I'm looking for a door set & a panel cutter that I won't have to put up my 1st born as down payment.
Suggestions & helpful hints welcome from ya'all.
Thanks Hopz


----------



## istracpsboss (Sep 14, 2008)

Hi Hopz

Welcome to the forum.

Have a look in here. Bob and I both buy from him.
eBay UK Shop - Super Carbide Tools: Single bit, 2 pc Set, Set

He is a good guy to deal with.

Cheers

Peter


----------



## hopz (Aug 4, 2009)

*UK bits*

Thanks Peter,
A quick glance tells me I might be buying across the pond.

Thanks again
Hopz


----------



## jschaben (Jun 21, 2009)

hopz said:


> Thanks Peter,
> A quick glance tells me I might be buying across the pond.
> 
> Thanks again
> Hopz


I second that this guy is good to deal with. Here's his stateside address:

eBay Store - Super Carbide Tools: Single bit, 2 pc Set, Set


----------



## istracpsboss (Sep 14, 2008)

jschaben said:


> I second that this guy is good to deal with. Here's his stateside address:
> 
> eBay Store - Super Carbide Tools: Single bit, 2 pc Set, Set


Thanks! It didn't occur to me that as I log in on Ebay UK it would make it look as if he was this side. He is based in the US.

Cheers

Peter


----------



## jschaben (Jun 21, 2009)

By the way Peter, let me know how you like the new bits you just won. I had my eye on them too. :yes2: :sold:


----------



## Billat908 (Jun 25, 2009)

jschaben said:


> I second that this guy is good to deal with. Here's his stateside address:
> 
> eBay Store - Super Carbide Tools: Single bit, 2 pc Set, Set


How are his bits?

Anyone have experience with this guy? 

http://stores.shop.ebay.com/EDM-Wholesalers__W0QQ_armrsZ1

The offerings appear similar.

.


----------



## istracpsboss (Sep 14, 2008)

Billat908 said:


> How are his bits?
> 
> Anyone have experience with this guy?
> 
> ...


Chalk and cheese! George's offerings are clearly described and he has a good reputation, even if he isn't expensive. This other guy is so cheap I'd be very wary, eg DRILL BIT SET - 26 PIECE SANDING DRUM KIT + CASE - eBay (item 350239410890 end time Aug-17-09 14:27:20 PDT)

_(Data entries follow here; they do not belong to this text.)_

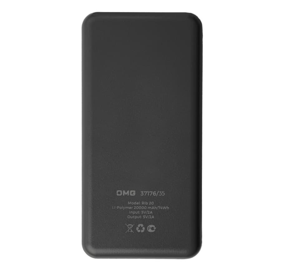 Универсальный аккумулятор Rib 20 (20000 мАч), серый, 14,1х6.9х2,8 см, Черный
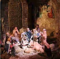 – По молба на Франциск Джовани е осигурил ясли в една от пещерите. Около нея имало вол и магаре, с мъж и жена в костюми, които представляваха Йосиф и Мария, и восъчна кукла за Христос.
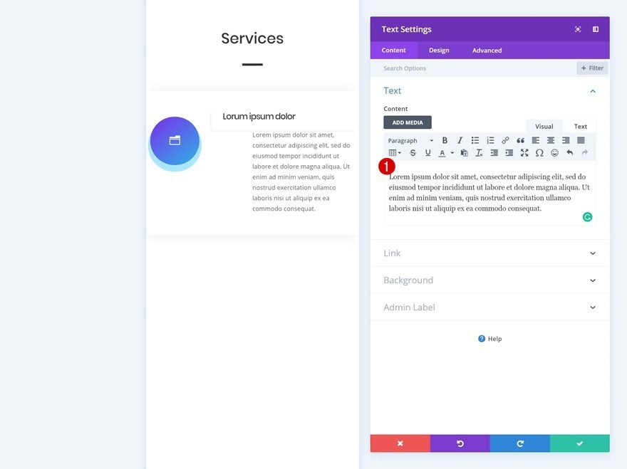 Now we can start adding modules! Add a Text Module to the first column with some H3 copy and a link.
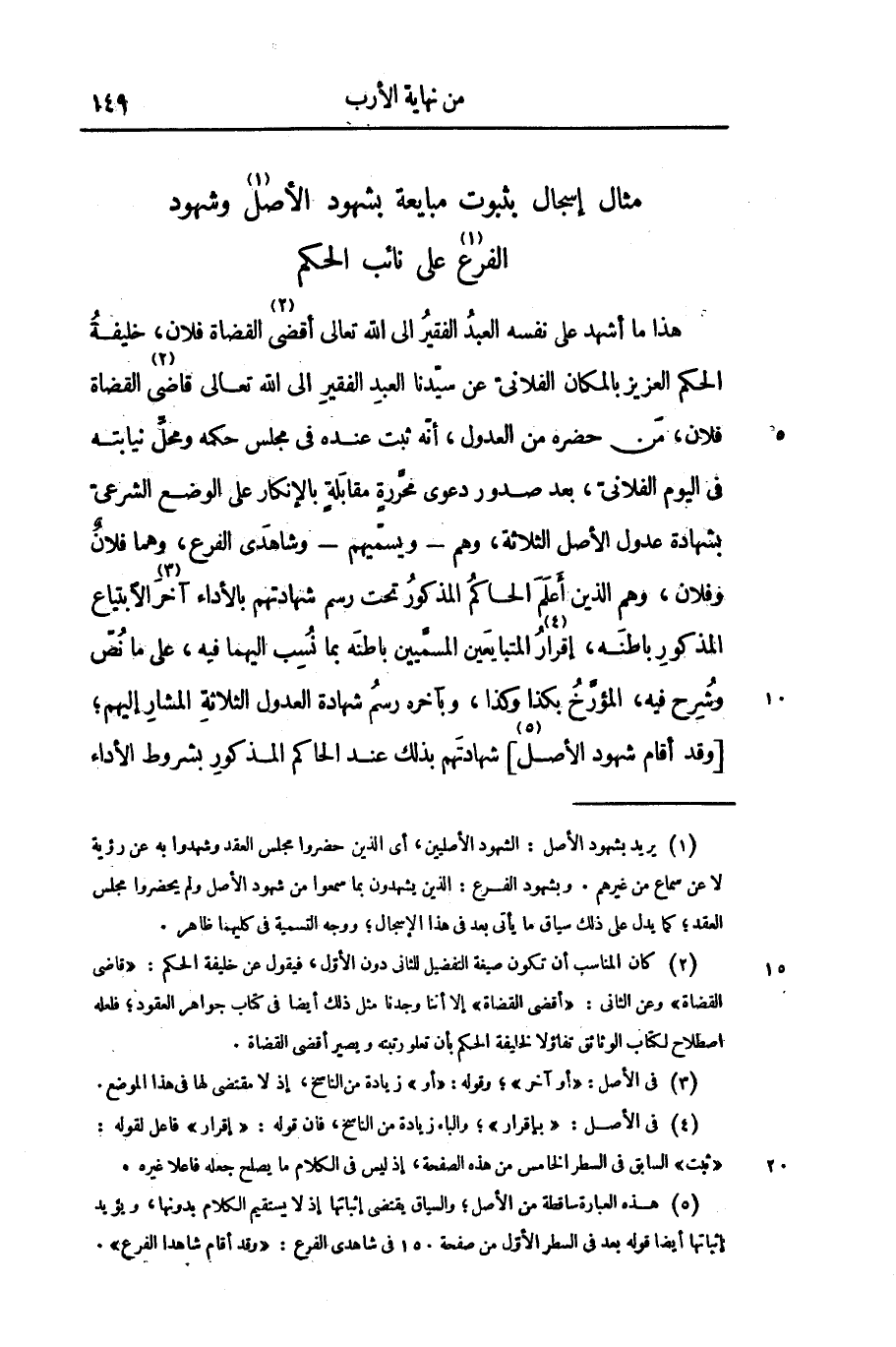هذا ما أشهد على نفسه العبد الفقير الى الله تعالى أقضى «3» القضاة فلان، خليفة الحكم العزيز بالمكان الفلانىّ عن سيّدنا العبد الفقير الى الله تعالى قاضى «4» القضاة فلان، من حضره من العدول، أنّه ثبت عنده فى مجلس حكمه ومحلّ نيابته فى اليوم الفلانىّ، بعد صدور دعوى محرّرة مقابلة بالإنكار على الوضع الشرعىّ بشهادة عدول الأصل الثلاثة، وهم- ويسمّيهم- وشاهدى الفرع، وهما فلان وفلان، وهم الذين أعلم الحاكم المذكور تحت رسم شهادتهم بالأداء آخر «5» الابتياع المذكور باطنه، إقرار «6» المتبايعين المسمّيين باطنه بما نسب اليهما فيه، على ما نصّ وشرح فيه، المؤرّخ بكذا وكذا، وبآخره رسم شهادة العدول الثلاثة المشار إليهم؛ [وقد أقام شهود الأصل «7» ] شهادتهم بذلك عند الحاكم المذكور بشروط الأداء

In any case, You can get single bits from George. This other guy is just offering sets of things we've all got anyway.


----------



## jschaben (Jun 21, 2009)

istracpsboss said:


> Chalk and cheese! George's offerings are clearly described and he has a good reputation, even if he isn't expensive. This other guy is so cheap I'd be very wary, eg DRILL BIT SET - 26 PIECE SANDING DRUM KIT + CASE - eBay (item 350239410890 end time Aug-17-09 14:27:20 PDT)
> 
> In any case, You can get single bits from George. This other guy is just offering sets of things we've all got anyway.

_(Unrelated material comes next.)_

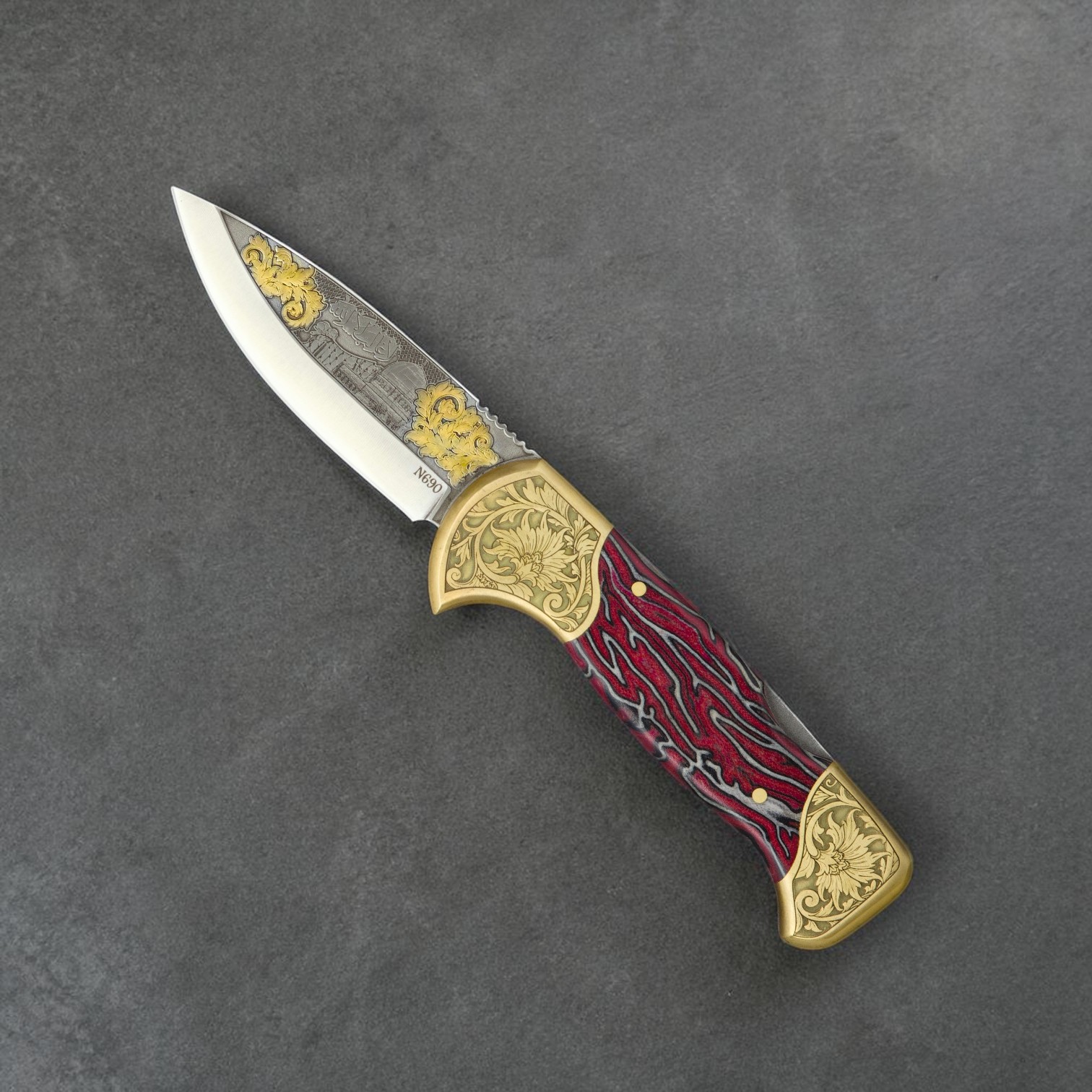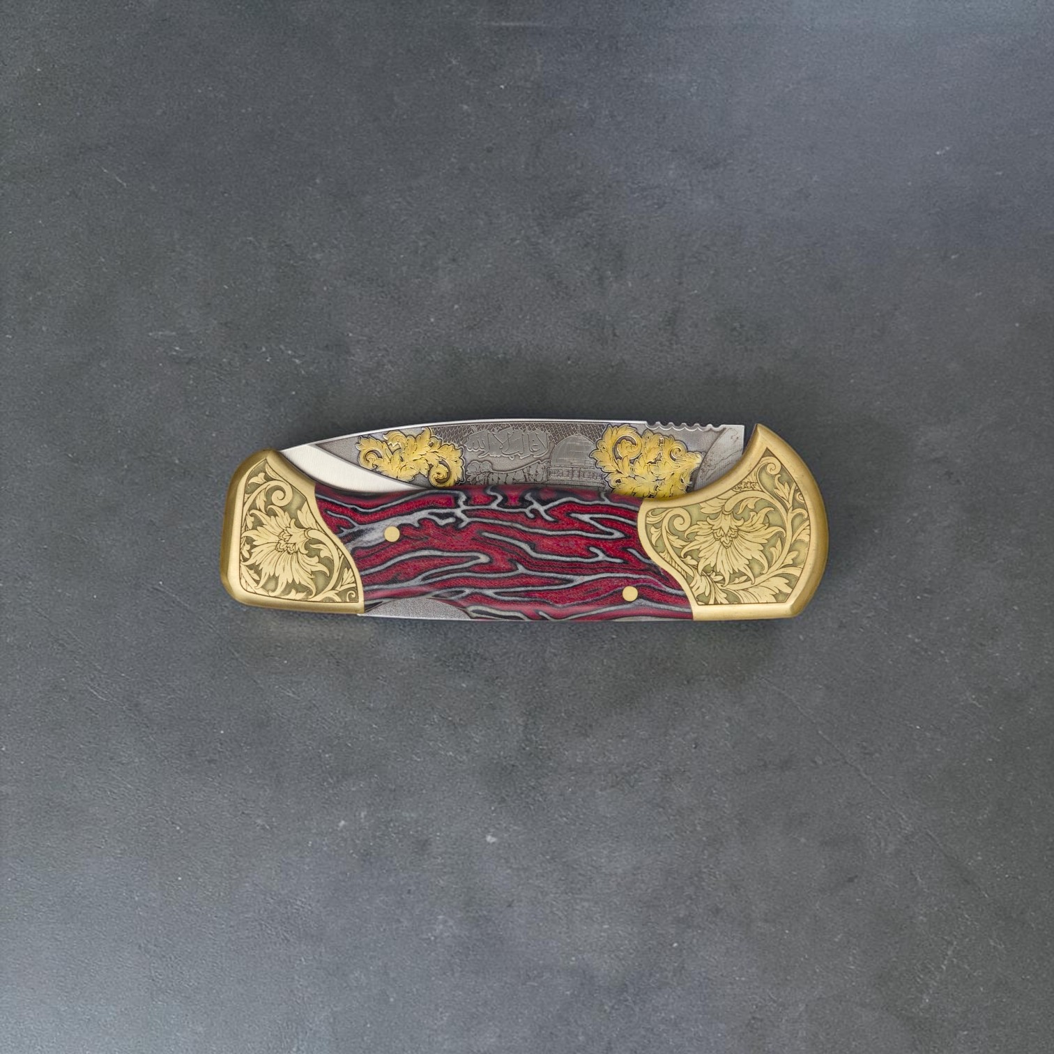 El Yapımı Altın Çakı – Çift Balçak Mescid-i Aksa Figürlü Kırmızı

There is another vendor, sct888, that is apparently working out of Georges shop also. I inadvertantly order 1 bit from sct888 and two from George at the same time and the shipping was combined and they arrived in the same package . Only thing I can figure is may his eBay business got busy enough he had to diversify some to keep up with the demand and maintain service. Service has always been superb.


----------



## David K. (Aug 28, 2009)

Thanks Peter and John for the link you posted. I just ordered a set of 30 from the site. Just the forum and already I feel I have benefited from it! I figure by the time they get to me, I will have read the manual, picked a project and MAYBE bought the materials.


----------



## bobj3 (Jan 17, 2006)

Hi John

Looks like you have found Georges and sct888 suppler .

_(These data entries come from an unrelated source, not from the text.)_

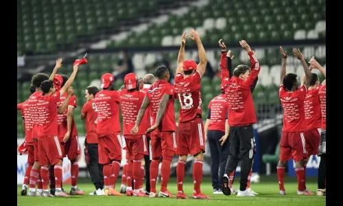 या संघाचे प्रशिक्षक हॅन्सी फ्लिक यांनी पहिल्याच मोसमात बुंदेस्लिगाचे जेतेपद पटकावण्याचा मान मिळविला. गेल्या नोव्हेंबरमध्ये त्यांनी निको कोव्हॅकनंतर या संघाची सूत्रे स्वीकारली होती. कोरोना व्हायरसच्या ब्रेकनंतरही बायर्नचा ओघ कमी झाला नसल्याचे या सामन्यात दिसून आले. गेल्या महिन्यात जर्मनीत फुटबॉलला पुन्हा प्रारंभ झाल्यानंतर झालेल्या आठही सामन्यात त्यांनी विजय मिळविला आहे. 2014 मध्ये जर्मनीने विश्वचषक जिंकला त्यावेळी फ्लिक संघाचे साहाय्यक प्रशिक्षक होते. त्यांना तिहेरी मुकुट साधण्याची संधी असून 4 जुलै रोजी जर्मन कप अंतिम लढतीत बायर्नचा मुकाबला बायर लिव्हरकुसेनशी होणार आहे. याशिवाय चॅम्पियन्स लीगमध्ये शेवटच्या 16 फेरीतील पहिल्या टप्प्याच्या लढतीत बायर्नने चेल्सीवर 3-0 असा विजय मिळवित आघाडी घेतली आहे. बायर्नच्या थॉमस म्युलरचे हे बुंदेस्लिगाचे नववे जेतेपद असून माजी खेळाडू प्रँक रिबेरीच्या विक्रमाशी त्याने बरोबरी केली आहे.
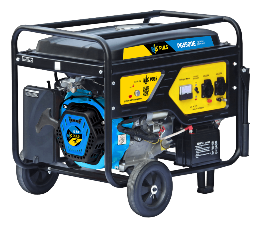 Бытовой бензиновый генератор PULS PG5500E оснащен одноцилиндровым 4-тактным двигателем OHV мощностью 15 л.с., производящим 5000 рабочих ватт и 5750 стартовых ватт.
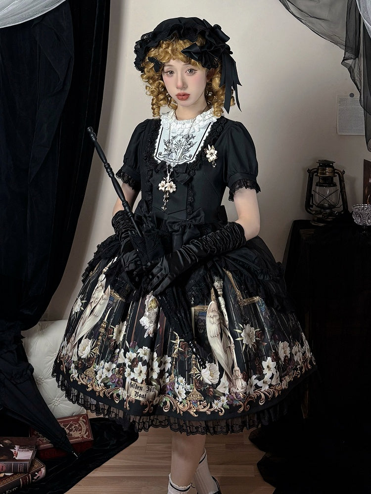 Black and White Old School Lolita Fashion Dress Bowknot Lolita JSK Set
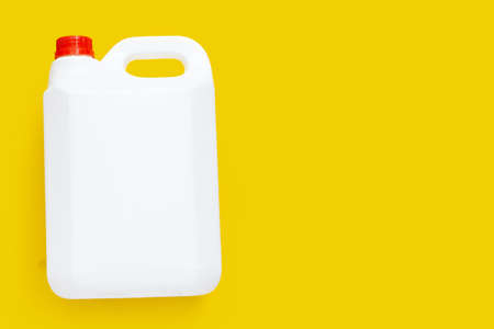 Blank packaging white plastic gallon on yellow background.
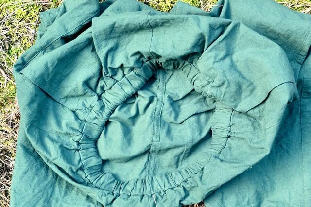 色以外は同じものなので、新品の織部色で細部を紹介すると、表面に凹凸がある綾紬という生地。

edmwholesalers ( 264,699 ) items sold at 99.3%, good feedback

eBay Seller: edmwholesalers: Home Garden, Crafts items on eBay.com

It looks like he makes it on his shipping charges like many of ebay sellers do ,24 pcs.bit set for 9.99 + 17.oo for shipping..
I just order a 1/4" air die grinder set for .99 cents + 12.99 for shipping..

http://cgi.ebay.com/AIR-DIE-GRINDER...in_0?hash=item518c273c51&_trksid=p3911.c0.m14

============
http://www.harborfreight.com/cpi/ctaf/displayitem.taf?Itemnumber=44716

==========


jschaben said:


> There is another vendor, sct888, that is apparently working out of Georges shop also. I inadvertantly order 1 bit from sct888 and two from George at the same time and the shipping was combined and they arrived in the same package . Only thing I can figure is may his eBay business got busy enough he had to diversify some to keep up with the demand and maintain service. Service has always been superb.


----------



## dutchman 46 (May 23, 2007)

I agree with the others. It you find that you a bit more that most of the others, you can replace it with a better bit. I am using a set that is five years old, I don't use the router all that much, but, they last well.


----------



## rodsprit (Nov 5, 2009)

thanks for the link


----------



## Bob N (Oct 12, 2004)

Hi Dan, welcome to the forum!


----------



## rodsprit (Nov 5, 2009)

thanks


----------



## donadams48 (Nov 6, 2015)

How well do these bits hold up for you? Already bought a cheap one from a site and it bent and just missed my face when it flew apart.


----------